Exercise prompt. Copy only those lines which run from the line containing "Can I just ask" to the end of the entries below, both inclusive, exactly as written and with no pictures.

(Records from a data collection)
..........

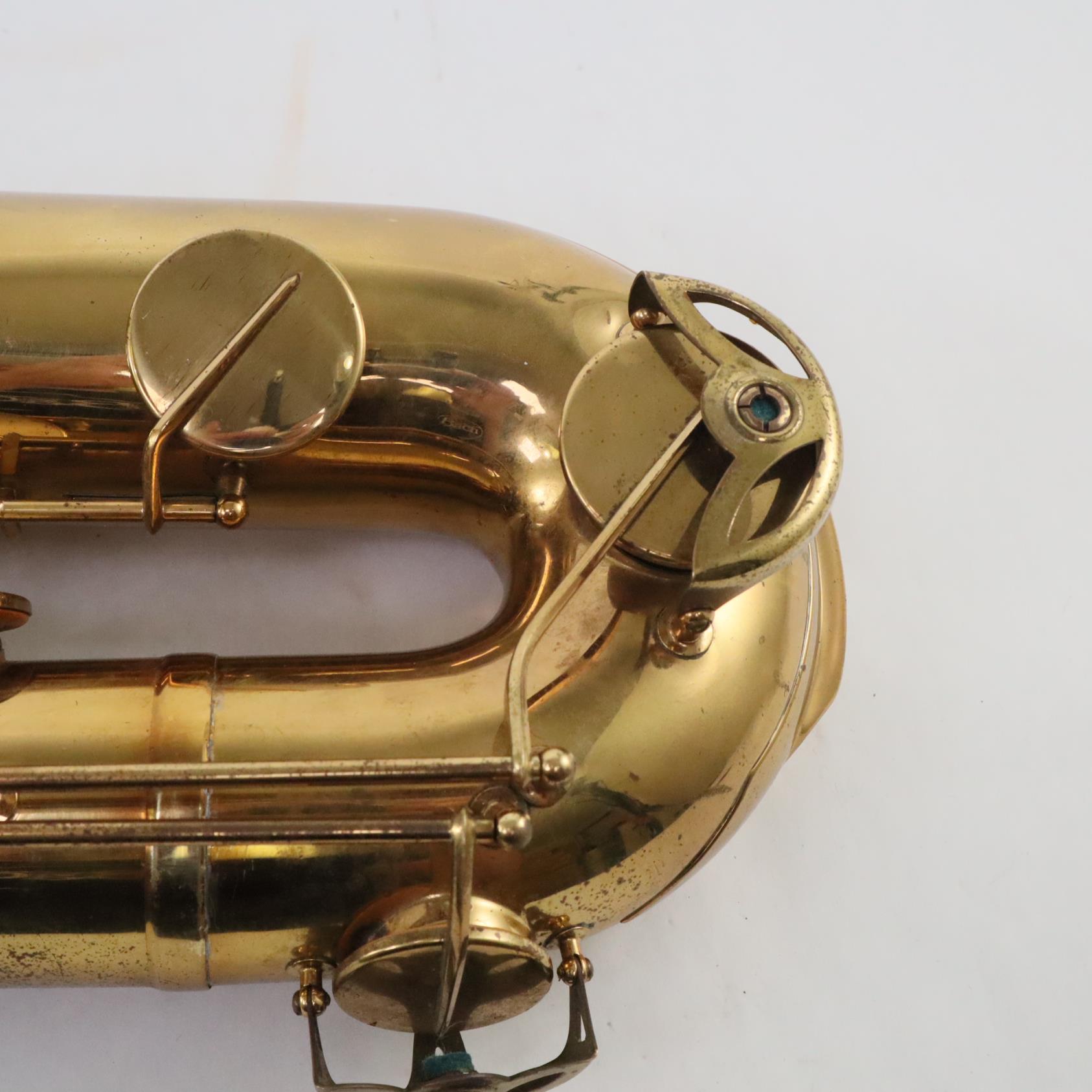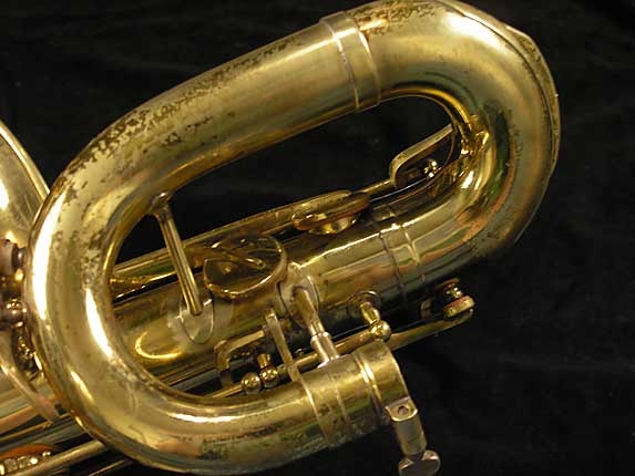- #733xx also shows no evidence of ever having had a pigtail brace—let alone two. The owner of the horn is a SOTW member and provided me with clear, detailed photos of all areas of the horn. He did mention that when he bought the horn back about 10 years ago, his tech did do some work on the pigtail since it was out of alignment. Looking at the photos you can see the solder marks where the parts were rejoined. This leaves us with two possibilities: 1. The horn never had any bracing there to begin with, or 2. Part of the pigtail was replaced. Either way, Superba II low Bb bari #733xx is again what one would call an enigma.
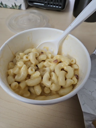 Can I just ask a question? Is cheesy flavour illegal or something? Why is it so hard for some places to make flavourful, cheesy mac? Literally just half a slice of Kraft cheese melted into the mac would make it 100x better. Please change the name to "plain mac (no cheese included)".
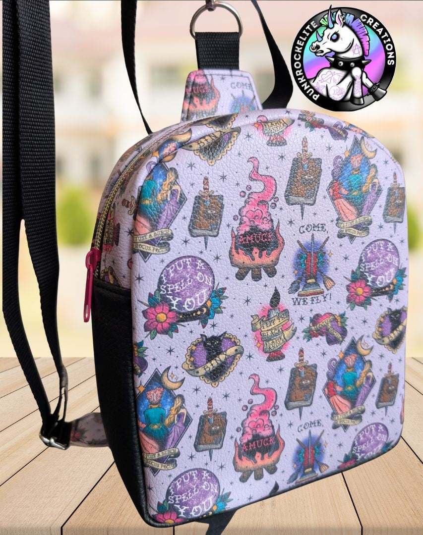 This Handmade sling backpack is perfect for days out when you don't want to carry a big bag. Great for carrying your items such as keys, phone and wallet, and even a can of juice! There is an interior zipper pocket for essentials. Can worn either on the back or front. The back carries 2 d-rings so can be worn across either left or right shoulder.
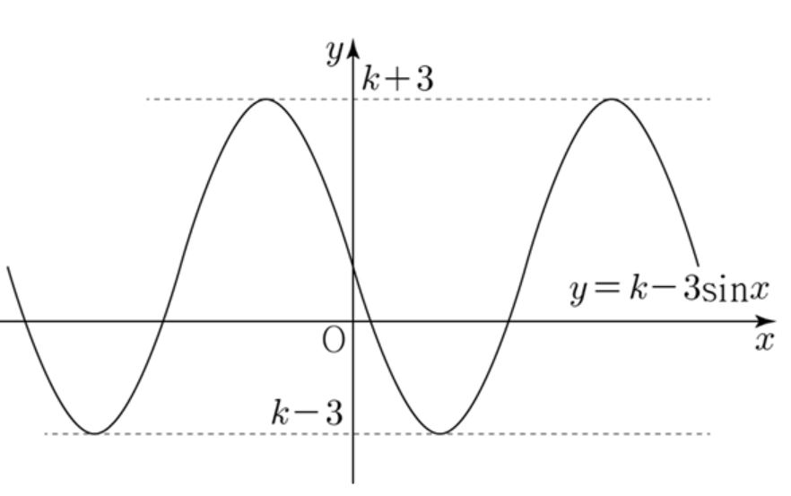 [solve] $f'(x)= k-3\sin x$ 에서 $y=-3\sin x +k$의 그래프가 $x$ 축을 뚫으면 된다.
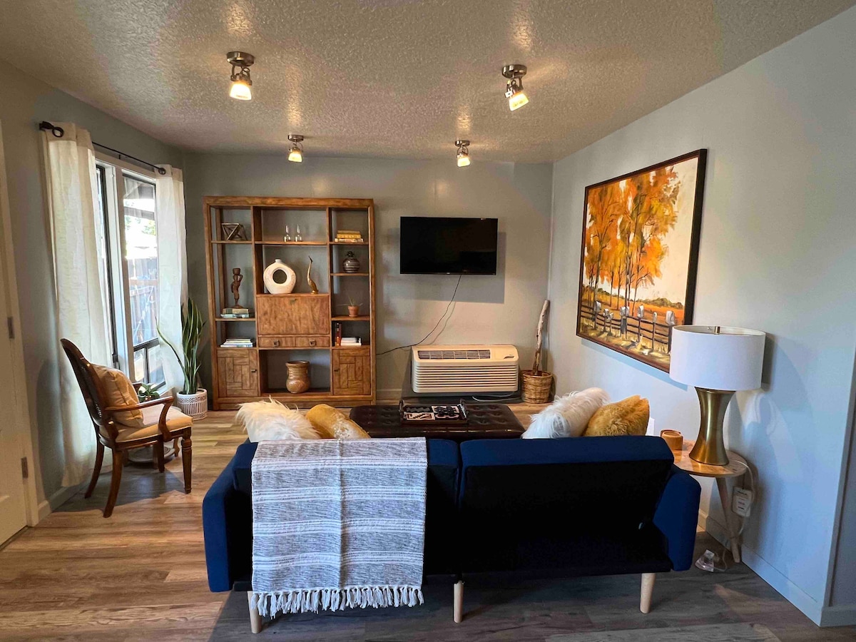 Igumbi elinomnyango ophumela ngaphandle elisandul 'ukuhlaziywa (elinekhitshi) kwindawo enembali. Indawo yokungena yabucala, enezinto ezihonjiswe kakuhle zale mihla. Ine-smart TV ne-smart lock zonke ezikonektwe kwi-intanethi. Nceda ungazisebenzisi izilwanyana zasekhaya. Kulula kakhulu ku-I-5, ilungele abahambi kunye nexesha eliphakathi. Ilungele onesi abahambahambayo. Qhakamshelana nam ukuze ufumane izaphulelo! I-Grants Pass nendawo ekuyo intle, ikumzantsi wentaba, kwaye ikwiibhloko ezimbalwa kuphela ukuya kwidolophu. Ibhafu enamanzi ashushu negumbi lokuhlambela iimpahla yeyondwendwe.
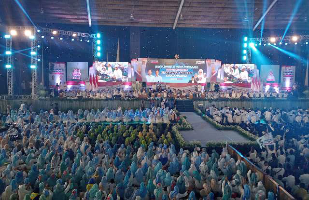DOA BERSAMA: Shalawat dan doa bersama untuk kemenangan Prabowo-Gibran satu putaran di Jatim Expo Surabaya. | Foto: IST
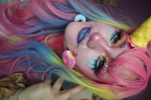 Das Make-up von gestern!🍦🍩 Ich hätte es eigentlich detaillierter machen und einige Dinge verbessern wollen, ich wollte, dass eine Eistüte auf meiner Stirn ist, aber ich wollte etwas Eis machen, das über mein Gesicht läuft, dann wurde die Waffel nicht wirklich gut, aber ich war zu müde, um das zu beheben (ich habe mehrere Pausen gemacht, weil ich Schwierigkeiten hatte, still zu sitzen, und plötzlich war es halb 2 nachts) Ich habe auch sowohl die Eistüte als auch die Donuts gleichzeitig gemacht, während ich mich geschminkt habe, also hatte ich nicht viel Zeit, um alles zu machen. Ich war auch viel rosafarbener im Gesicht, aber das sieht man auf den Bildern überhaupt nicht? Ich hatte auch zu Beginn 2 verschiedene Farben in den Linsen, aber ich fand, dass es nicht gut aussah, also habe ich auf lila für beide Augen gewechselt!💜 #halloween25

..........

Your solution.
 Can I just ask a question? Is cheesy flavour illegal or something? Why is it so hard for some places to make flavourful, cheesy mac? Literally just half a slice of Kraft cheese melted into the mac would make it 100x better. Please change the name to "plain mac (no cheese included)".
 This Handmade sling backpack is perfect for days out when you don't want to carry a big bag. Great for carrying your items such as keys, phone and wallet, and even a can of juice! There is an interior zipper pocket for essentials. Can worn either on the back or front. The back carries 2 d-rings so can be worn across either left or right shoulder.
 [solve] $f'(x)= k-3\sin x$ 에서 $y=-3\sin x +k$의 그래프가 $x$ 축을 뚫으면 된다.
 Igumbi elinomnyango ophumela ngaphandle elisandul 'ukuhlaziywa (elinekhitshi) kwindawo enembali. Indawo yokungena yabucala, enezinto ezihonjiswe kakuhle zale mihla. Ine-smart TV ne-smart lock zonke ezikonektwe kwi-intanethi. Nceda ungazisebenzisi izilwanyana zasekhaya. Kulula kakhulu ku-I-5, ilungele abahambi kunye nexesha eliphakathi. Ilungele onesi abahambahambayo. Qhakamshelana nam ukuze ufumane izaphulelo! I-Grants Pass nendawo ekuyo intle, ikumzantsi wentaba, kwaye ikwiibhloko ezimbalwa kuphela ukuya kwidolophu. Ibhafu enamanzi ashushu negumbi lokuhlambela iimpahla yeyondwendwe.
DOA BERSAMA: Shalawat dan doa bersama untuk kemenangan Prabowo-Gibran satu putaran di Jatim Expo Surabaya. | Foto: IST
 Das Make-up von gestern!🍦🍩 Ich hätte es eigentlich detaillierter machen und einige Dinge verbessern wollen, ich wollte, dass eine Eistüte auf meiner Stirn ist, aber ich wollte etwas Eis machen, das über mein Gesicht läuft, dann wurde die Waffel nicht wirklich gut, aber ich war zu müde, um das zu beheben (ich habe mehrere Pausen gemacht, weil ich Schwierigkeiten hatte, still zu sitzen, und plötzlich war es halb 2 nachts) Ich habe auch sowohl die Eistüte als auch die Donuts gleichzeitig gemacht, während ich mich geschminkt habe, also hatte ich nicht viel Zeit, um alles zu machen. Ich war auch viel rosafarbener im Gesicht, aber das sieht man auf den Bildern überhaupt nicht? Ich hatte auch zu Beginn 2 verschiedene Farben in den Linsen, aber ich fand, dass es nicht gut aussah, also habe ich auf lila für beide Augen gewechselt!💜 #halloween25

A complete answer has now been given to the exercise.